161. A pharmaceutical composition of any of claims 138-140 or the use of any of claims 141-143, wherein the administration comprises subcutaneously administering to the subject about 45 mg of an anti-amyloid β antibody once about every 4 weeks; the anti-amyloid β antibody comprising a heavy chain of SEQ ID NO: 101, with or without the C-terminal lysine, and a light chain of SEQ ID NO: 102.

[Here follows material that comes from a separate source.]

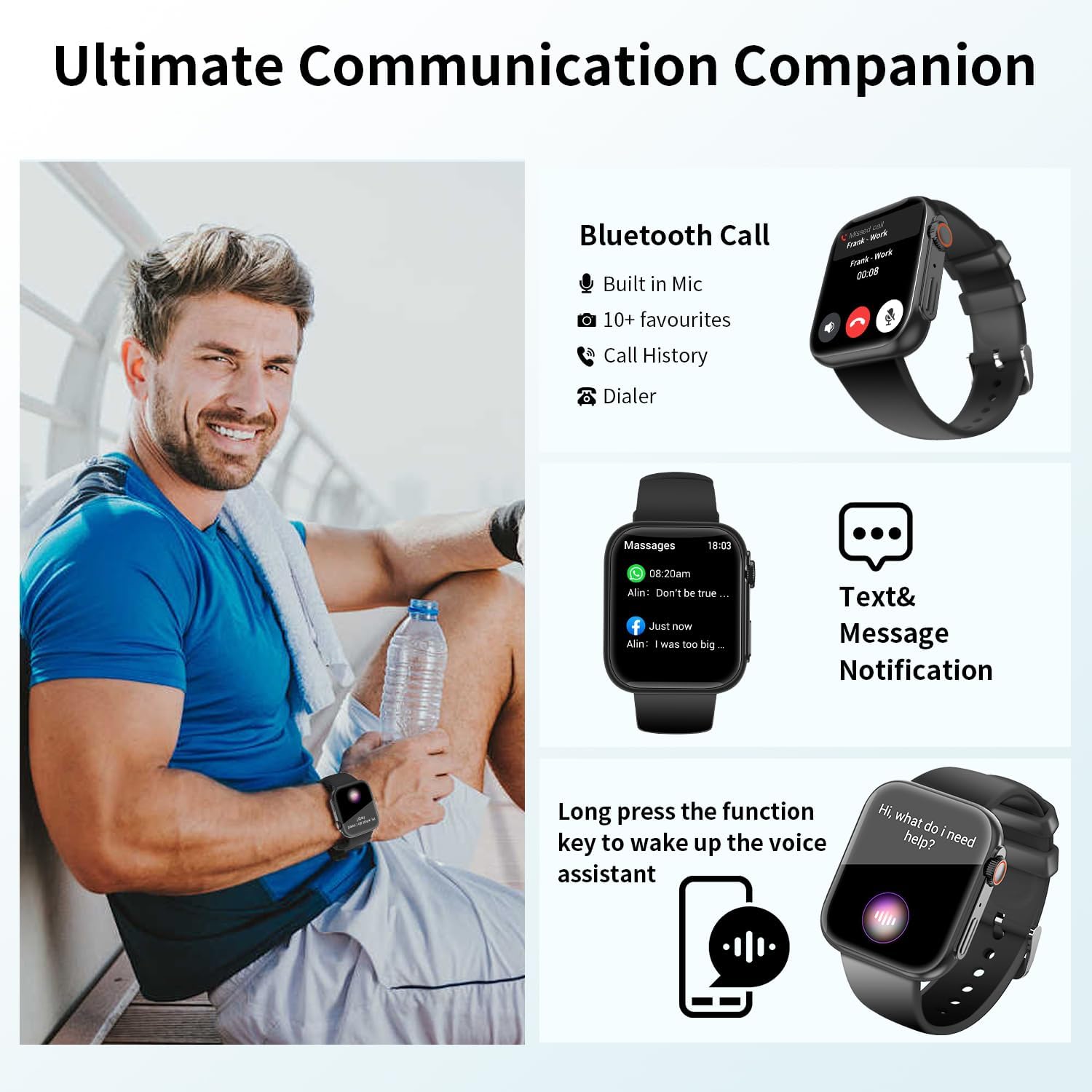 【Bluetooth5.3 Call / Text Message Reminder】 By using advanced Bluetooth technology, you can connect your smartwatch with your mobile phone and enjoy convenient communication functions anytime, anywhere, including answering calls. This feature not only improves work efficiency but also adds more convenience to your daily life. You can receive more application information including Facebook, WhatsApp, Instagram, Twitter and more through the settings.

162. A pharmaceutical composition of any of claims 138-140 or the use of any of claims 141-143, wherein the administration comprises subcutaneously administering to the subject about 70 mg of an anti-amyloid β antibody once about every 4 weeks; the anti-amyloid β antibody comprising a heavy chain of SEQ ID NO: 101, with or without the C-terminal lysine, and a light chain of SEQ ID NO: 102.

163. A pharmaceutical composition of any of claims 138-140 or the use of any of claims 141-143, wherein the administration comprises subcutaneously administering to the subject about 200 mg of an anti-amyloid β antibody once about every 4 weeks; the anti-amyloid β antibody comprising a heavy chain of SEQ ID NO: 101, with or without the C-terminal lysine, and a light chain of SEQ ID NO: 102.